**Task to complete:**
Please copy, exactly as they appear below, the lines from the one containing "Kolejny wykład wygłosiła" through the one containing "Water soluble inhibitors".

**Supplied records:**

================================

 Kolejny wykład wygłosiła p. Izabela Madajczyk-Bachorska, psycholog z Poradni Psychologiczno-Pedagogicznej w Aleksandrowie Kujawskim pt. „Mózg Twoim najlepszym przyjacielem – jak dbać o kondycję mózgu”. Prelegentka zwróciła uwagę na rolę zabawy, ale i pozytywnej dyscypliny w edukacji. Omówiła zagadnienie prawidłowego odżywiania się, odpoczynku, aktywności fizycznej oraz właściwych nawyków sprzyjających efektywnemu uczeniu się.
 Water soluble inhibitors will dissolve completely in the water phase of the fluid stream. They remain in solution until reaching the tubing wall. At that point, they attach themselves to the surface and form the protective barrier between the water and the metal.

================================

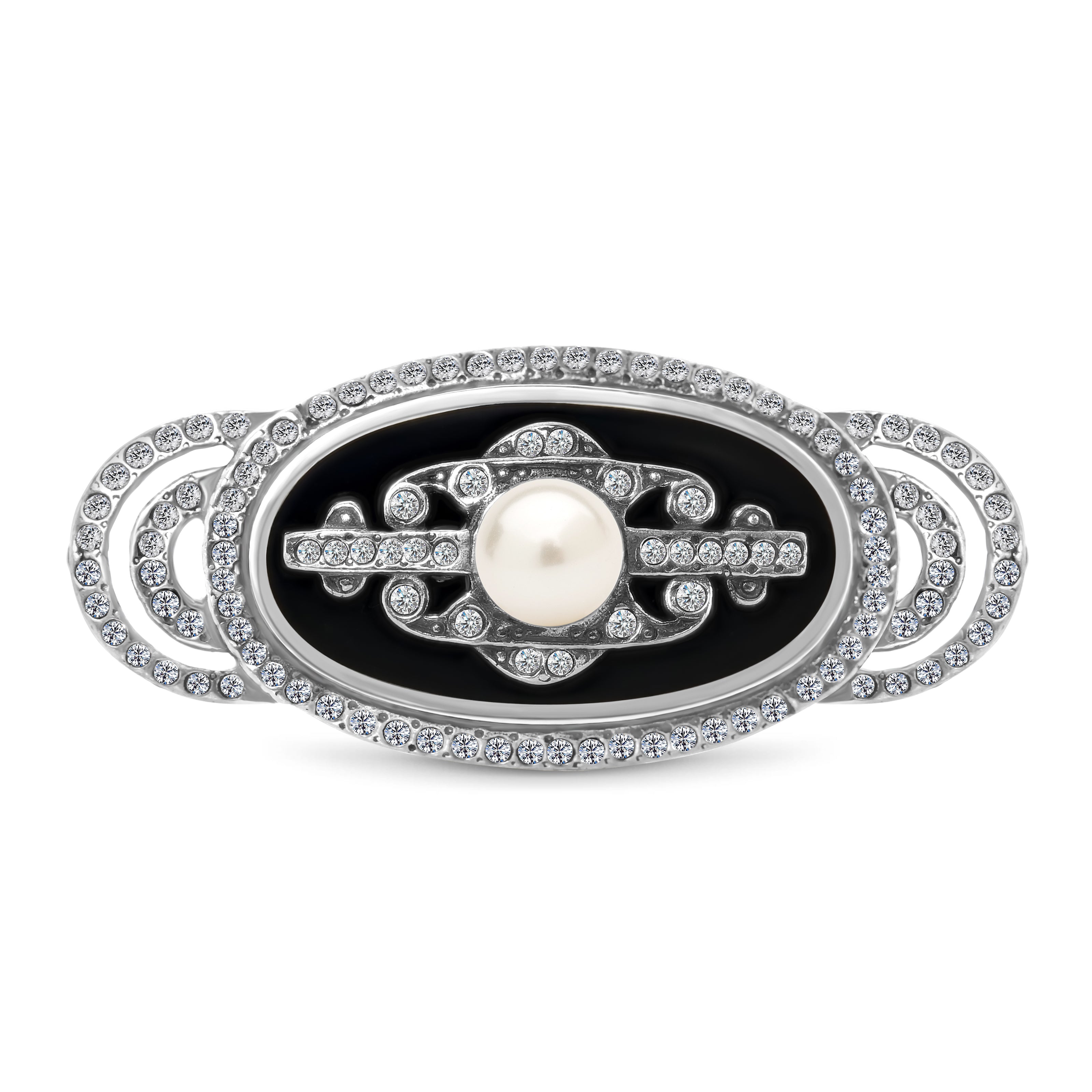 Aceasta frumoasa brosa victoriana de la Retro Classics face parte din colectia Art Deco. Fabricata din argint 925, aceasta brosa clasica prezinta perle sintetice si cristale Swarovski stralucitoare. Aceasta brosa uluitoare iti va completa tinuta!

================================

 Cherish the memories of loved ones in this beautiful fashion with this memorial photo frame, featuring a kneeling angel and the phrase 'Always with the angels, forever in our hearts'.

================================

**The answer:**
 Kolejny wykład wygłosiła p. Izabela Madajczyk-Bachorska, psycholog z Poradni Psychologiczno-Pedagogicznej w Aleksandrowie Kujawskim pt. „Mózg Twoim najlepszym przyjacielem – jak dbać o kondycję mózgu”. Prelegentka zwróciła uwagę na rolę zabawy, ale i pozytywnej dyscypliny w edukacji. Omówiła zagadnienie prawidłowego odżywiania się, odpoczynku, aktywności fizycznej oraz właściwych nawyków sprzyjających efektywnemu uczeniu się.
 Water soluble inhibitors will dissolve completely in the water phase of the fluid stream. They remain in solution until reaching the tubing wall. At that point, they attach themselves to the surface and form the protective barrier between the water and the metal.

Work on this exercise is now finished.